- _Records supplied_
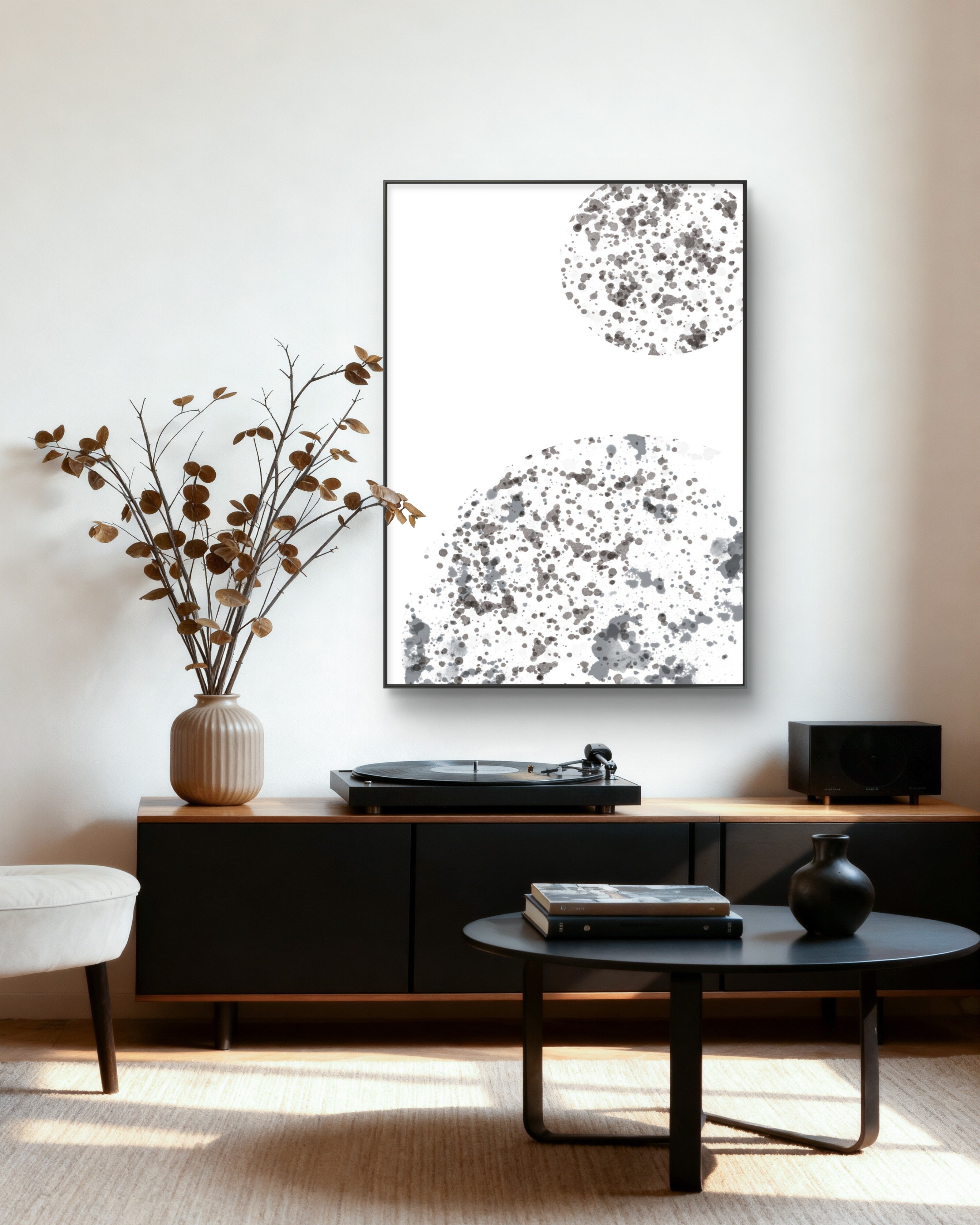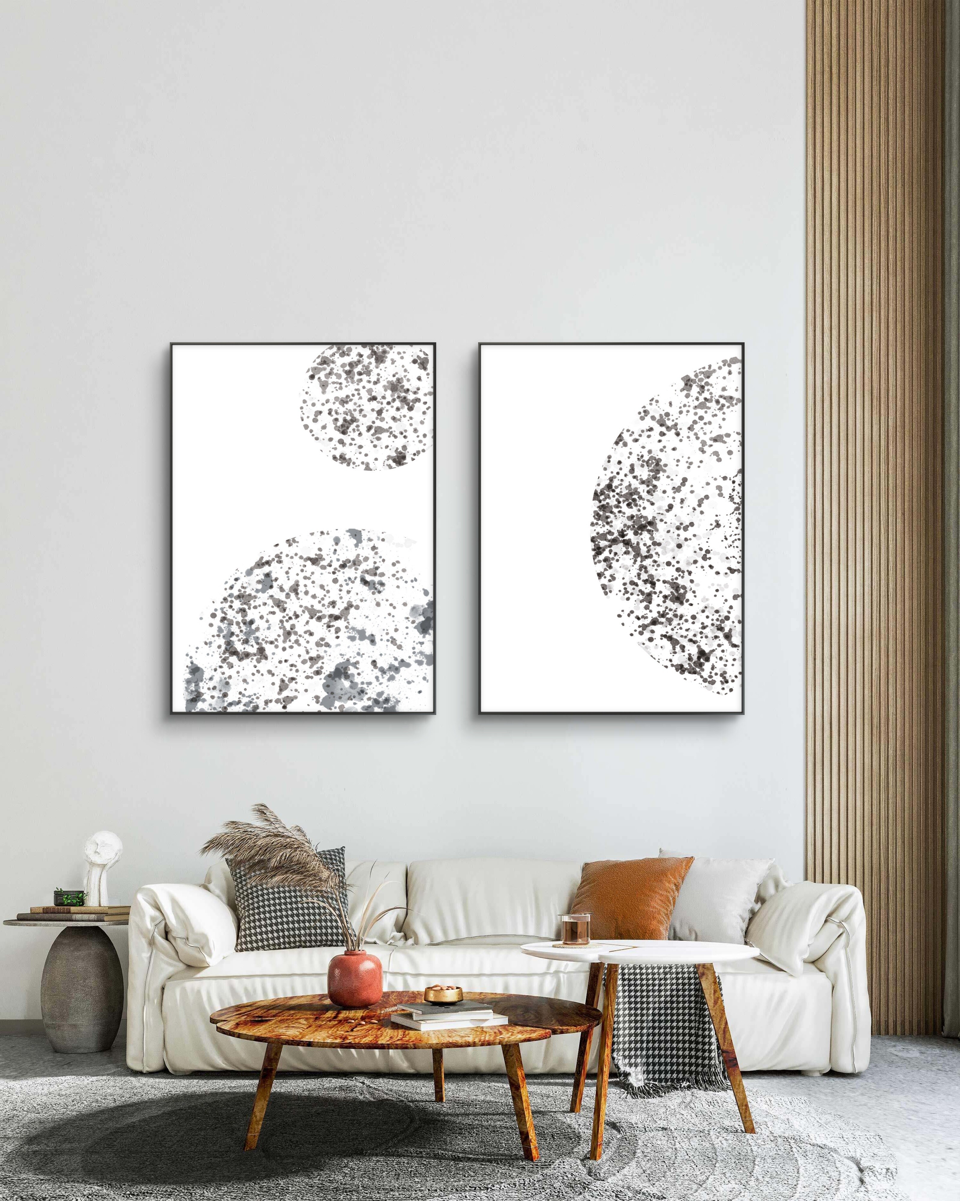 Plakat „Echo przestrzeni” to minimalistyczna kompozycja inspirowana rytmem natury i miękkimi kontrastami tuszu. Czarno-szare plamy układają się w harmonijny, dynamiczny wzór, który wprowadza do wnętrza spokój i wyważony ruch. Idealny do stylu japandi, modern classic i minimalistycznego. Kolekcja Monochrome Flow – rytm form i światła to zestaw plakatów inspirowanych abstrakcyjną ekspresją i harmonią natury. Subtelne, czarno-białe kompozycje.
* * *
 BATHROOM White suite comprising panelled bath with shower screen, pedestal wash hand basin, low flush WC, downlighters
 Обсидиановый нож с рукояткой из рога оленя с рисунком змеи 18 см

- _Exercise objective_
Would you please copy exactly the part of the entries above that begins at the line containing "BATHROOM White suite" and ends at the line containing "Обсидиановый нож с", both lines included?

- _Solution to the problem_
 BATHROOM White suite comprising panelled bath with shower screen, pedestal wash hand basin, low flush WC, downlighters
 Обсидиановый нож с рукояткой из рога оленя с рисунком змеи 18 см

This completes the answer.